Here’s a quick round-up of the industry standard benchmark results our partners published today, Feb 27, 2008, using Windows Server 2008 and SQL Server 2008. Details of the Transaction Processing Performance Council (TPC) results can be found on www.tpc.org. More information on the SAP SD result is available on SAP’s web site.

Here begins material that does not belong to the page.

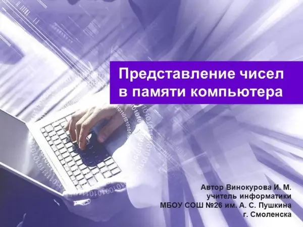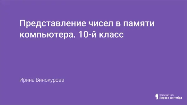 Цель урока: изучить представление чисел в памяти компьютера. Данная разработка может быть использована при изучении соответствующей темы в курсе информатики и ИКТ в 10-м классе, а также при проведении занятий элективного курса «Математические основы информатики».
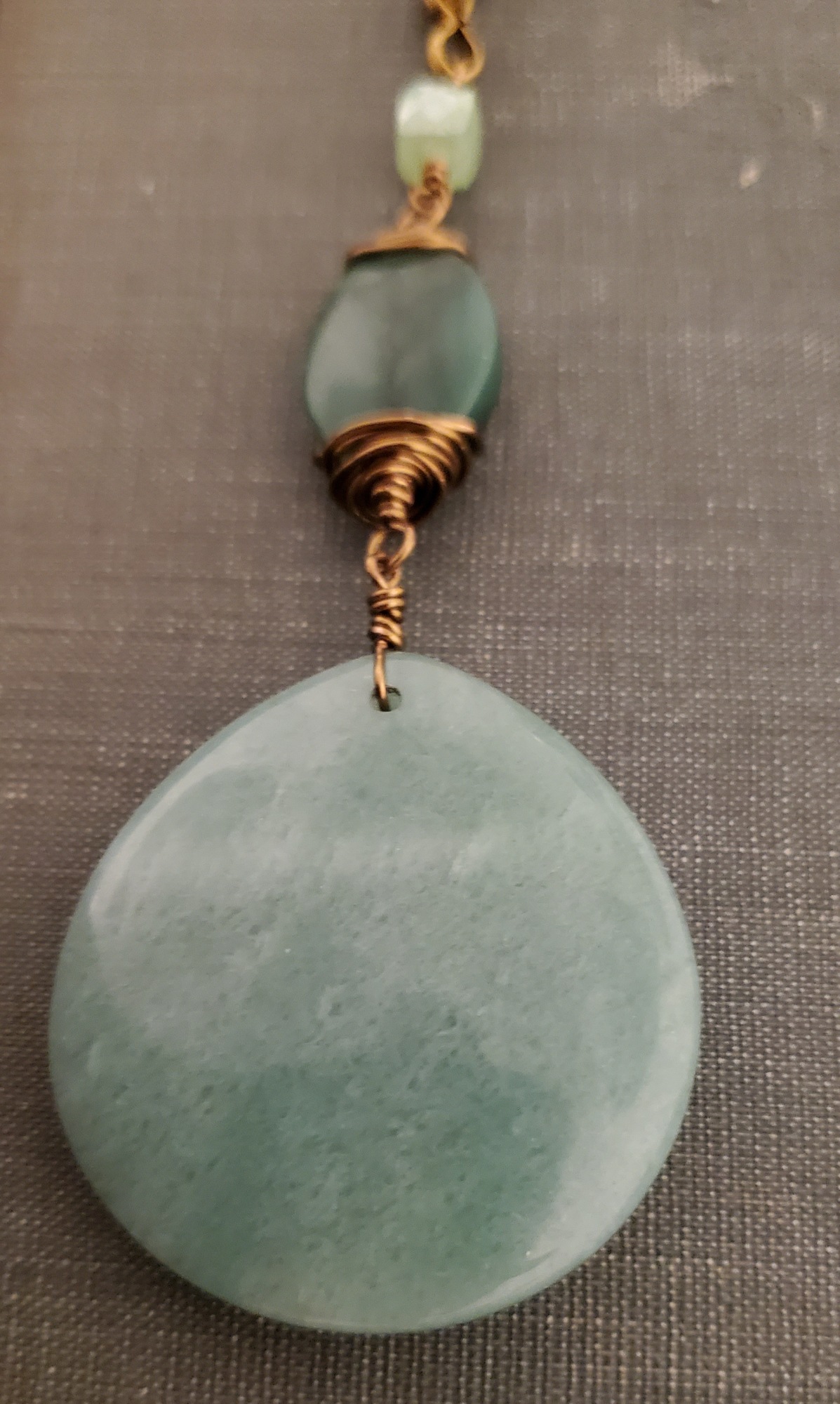 Inspired by vintage design, this stunning arrangement of Aventurine, Jade and Silverite adds an elegant and luxurious flare to any style. Hypoallergenic. Only one of its kind.

  • #1 TPC-E result of 1,126 tpsE at a cost of $2,771/tpsE, using a 64-core Intel Itanium-powered Express5800/1320Xf system. This result demonstrates the power of NEC’s architecture and the scalability of SQL Server 2008 for enterprise OLTP workloads since it is our first 64C TPC-E result
  • TPC-E result of 479 tpsE at a cost of $1,591/tpsE, using a quad-socket, 16-core IBM x-Series x3850 M2 system. This is a 14% gain over IBM’s previous x3850 M2 TPC-E result with SQL Server 2005
  • HP’s newest SD three-tier result of 34,000 users, which is #1 on quad-processor industry-standard servers, and is 88% faster than a previous quad-processor result on SQL Server 2005. This result shows the power of HP’s BL680C blade servers and Intel Xeon 7300 series processors. Did you ever think you’d see the day a blade could be expected to handle the workload volume of 97% of SAP deployments worldwide?
  • And last, but not least: HP published today the first-ever TPC-H result on SQL Server at the 10 TB scale factor: 63,650 QphH at $38.54/QphH, using a powerful 64-core Integrity Superdome server with HP SAS storage. Unless you’re Walmart, the odds are high your DW is smaller than this!

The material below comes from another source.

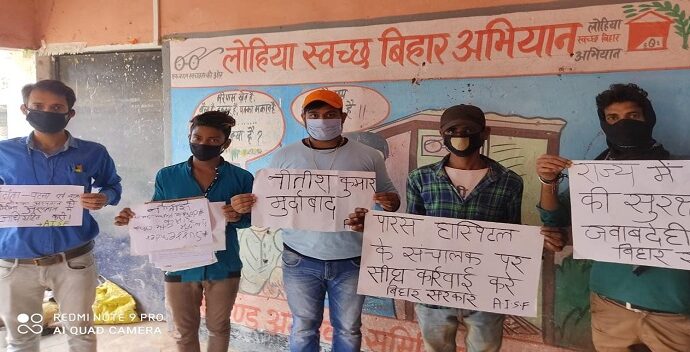 पारस अस्पताल के दोषी अफसरों एवं कर्मचारियों पर शीघ्र संज्ञान ले राज्य सरकार: AISF
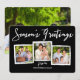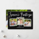 Un diseño moderno de bonita tipografía que dice "Saludos de temporada" y presenta un collage enmarcado de tres fotos de tu feliz familia en la parte delantera. En la parte posterior, una foto de tamaño completo es adecuada para encuadernar. Una hermosa tarjeta contemporánea para cualquier saludo de vacaciones.

Industry standard benchmarks are great, but unfortunately they don’t yet cover all usage scenarios customers care about. ETL is a key part of any production DW workflow, and we’ve been paying special attention to the performance of SQL Server Integration Services, our ETL tool included with SQL Server. With improvements to the core SSIS processing engine in SQL Server 2008, and improvements in 64-bit connectivity, we decided to take SSIS out for a spin, to show what it could really do. Along the way, we and Unisys set a new world record for loading over 1 TB of data in under 30 minutes, beating a previous result posted by Informatica. Check out Len Wyatt’s more detailed blog post on this. We’d sure love to see the industry come together to create a standardized ETL benchmark workload.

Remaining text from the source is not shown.